Two Kinects: surprisingly functional!

The Kinect is a really handy sensor for robotics.  We’ve been talking about having one Kinect mounted on the wall, to impose a simple global coordinate system; and separate obstacle detection Kinects mounted on each robot.

Surprisingly, multiple Kinects don’t seem to interfere with each other too badly–the Primesense dot detection is smart enough to preferentially recognize its own dots over the dots from the other kinect.

Image from a Kinect, with a second Kinect active on the left side of the frame. Despite the bright glare from the second Kinect’s IR emitter, there is almost no interference in the depth image.

Rover 5 platform test run

Mike just ordered a Sparkfun Rover 5 chassis ($60), and Steven decided to test drive it at 12V using his new quad-bridge driver board, in turn hooked to an Arduino Mega (for the interrupt lines) and an XBee for wireless serial communication.

It’s a nice little platform, big enough to put a laptop and some actuators on, and it moves authoritatively when driven at 12V.  It tracks quite straight even without using the onboard encoders.  Mark, from Mount Edgecumbe, suggested putting on Mechanum wheels, so the chassis can translate sideways too.

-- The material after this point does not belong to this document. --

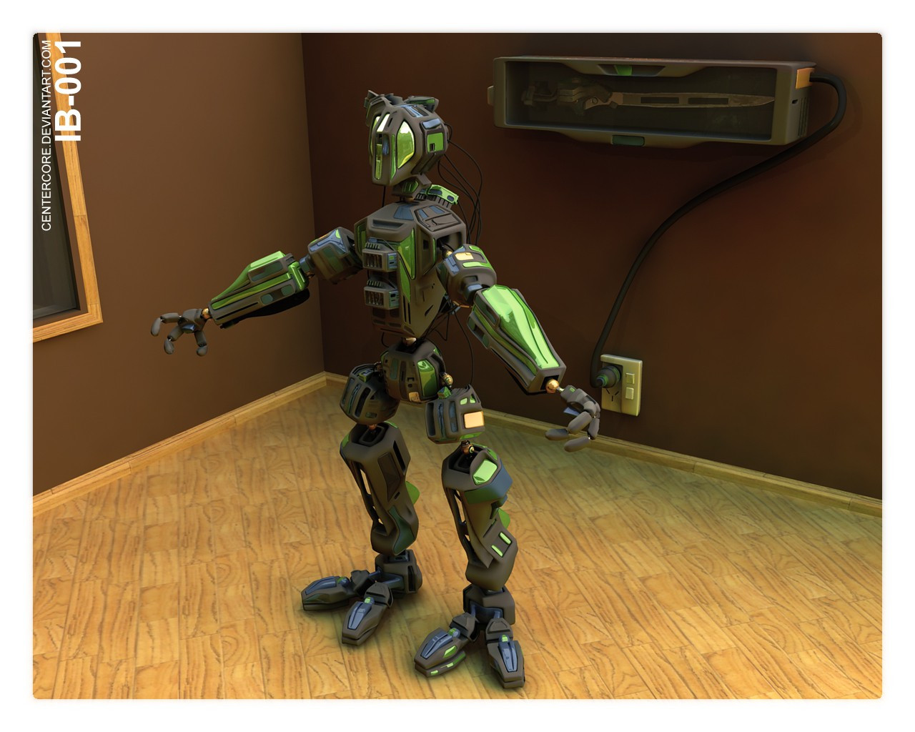 This one exceeded 50 thousand polygons un-nurbed half way through the project I can only imagine what the number is now maybe three times as much. Most of the bot is detailed front back right side and left and top and bottomAnyway Im quite happy with this one, I didnt want to make the enviroment the same as my last two so I added a window and a sword display/storage cabinet.

We’ll work on a decent mounting system, so all the electronics don’t fall out when the thing tips over!

Arduino Serial Latency & Bandwidth vs. Message Size

We’ve been using Arduinos for all our projects, and it was time I got around to benchmarking the serial communication performance.  It’s actually not very fast; even at the maximum baud rate of 115200 bits per second, delivered performance is only a little over 10KB/second each way, and it only hits this bandwidth when sending over 100 bytes at a time.

Arduino Uno to PC roundtrip serial communication bandwidth, as a function of message size.

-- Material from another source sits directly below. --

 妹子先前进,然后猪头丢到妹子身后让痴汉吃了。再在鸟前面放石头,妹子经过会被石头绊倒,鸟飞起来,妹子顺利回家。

The problem for small messages seems to be a 4 millisecond minimum roundtrip latency.  Messages over about 40 bytes seem to take several such latencies, so there’s a stair step pattern to the latency.  Paul Stoffregen says this is due to the Uno firmware’s 4.1 millisecond transmit timeout.

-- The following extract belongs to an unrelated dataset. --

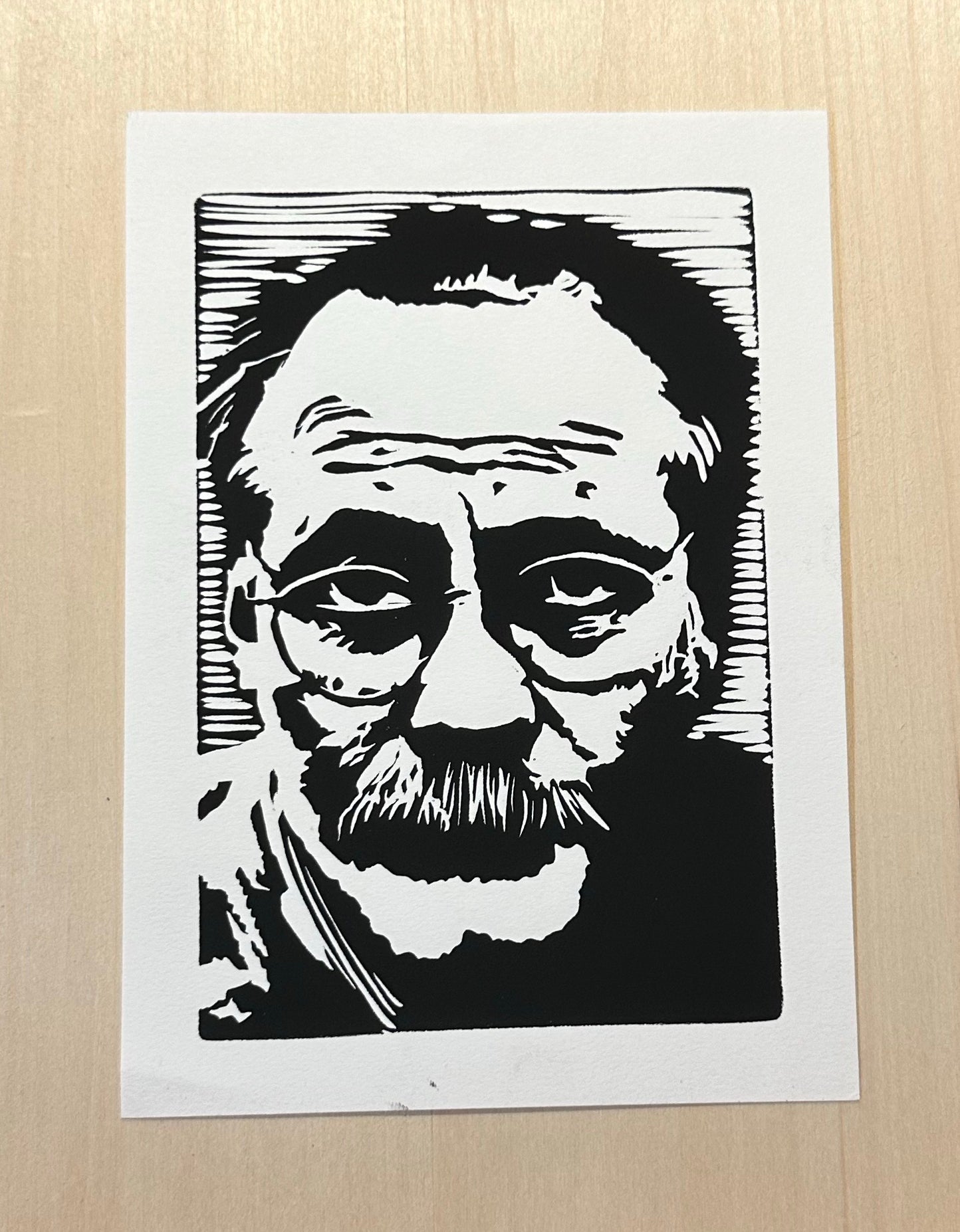 Hand carved on 4x6" block and printed on 5x7" paper.

Arduino Uno to PC roundtrip serial communication latency, measured in milliseconds, for various message sizes.

Evidently, the Teensy (with direct USB to the chip, not a USB-to-serial onboard) gets about 1ms serial latency.  The same page reported the Duemillanove at 16ms minimum (62Hz!).

Overall, this means you’re only going to get a 250Hz control rate if you’re shipping sensor data from an Arduino Uno up to a PC, and then sending actuator signals back down to the Arduino.  But 250Hz is enough for most hardware projects we’ve been thinking about.

The other annoying problem?  After opening the serial port, the Arduino Uno takes 1.7 seconds to boot before it responds to serial commands.  Anything you send from the PC before that time seems to be lost, not buffered.  The fix is probably to have the Uno send the PC one byte at startup, so the PC knows the Uno is ready.